We were concerned that, during the pandemic, Black students would experience COVID19-related educational impacts differently from their White peers, and that this would exacerbate COVID19-induced learning losses among Black students. Consequently, we analyzed data from the University of Southern California Dornsife Center for Economic and Social Research’s nationally representative survey of households: “Understanding American Study (UAS).” The UAS has been tracking the same families over time since 2014, and so is a good source for documenting COVID19’s impact on our nation’s schoolchildren.

In short, our results demonstrate structural inequalities playing out in the educational experiences of Black children during the pandemic. These inequalities have the potential to widen the already-substantial gaps mentioned above. The UAS survey data shows stark racial differences in educational experiences that should raise red flags for national policymakers, governors, and school and district leaders.

For instance, while 88% of White parents reported that their children had completed new school work set by a teacher during the pandemic, only 77% of Black parents reported the same level of completion. While three-quarters (74%) of White households reported that they had interacted directly with a teacher, only 60% of Black families had enjoyed such interactions. While 71% of White parents reported their children received feedback from a teacher, only 58% of the children of Black parents had received the same.

Since schools’ distance learning plans rely heavily on students’ access to computers, tablets, and wireless connections, lack of access is hugely consequential.

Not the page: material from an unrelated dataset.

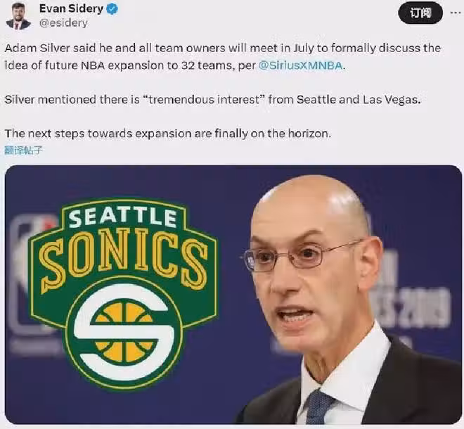NBA總裁肖華宣布,今夏將與各隊老闆討論聯盟擴軍的問題,計劃增加至32支球隊。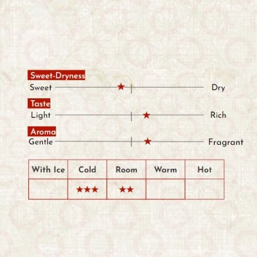 Được ủ trong thùng gỗ tuyết tùng ngay trước khi đóng chai, loại rượu Sake Taru ("thùng") này bùng nổ với hương vị nồng nàn và đặc sắc. Có vị cay và hương thơm thảo

Among Black households, just over three-quarters (79%) of parents reported their child had access to the internet and a computer for learning, seven percentage points less than White families (86%).

We know that while schools are physically open — relative to all other school-based “inputs” including technology, books, buildings, and other students — teachers matter more than any single other factor. With schools closed, lack of interaction with teachers will harm educational quality in ways we cannot yet begin to measure.

As the nation is gripped with unrest regarding the racist structures and actions of our criminal justice system, so too must we grapple with the systemic inequities in our educational systems. Policymakers must immediately begin working to address these disparities by dramatically increasing provision of educational opportunities to those most in need.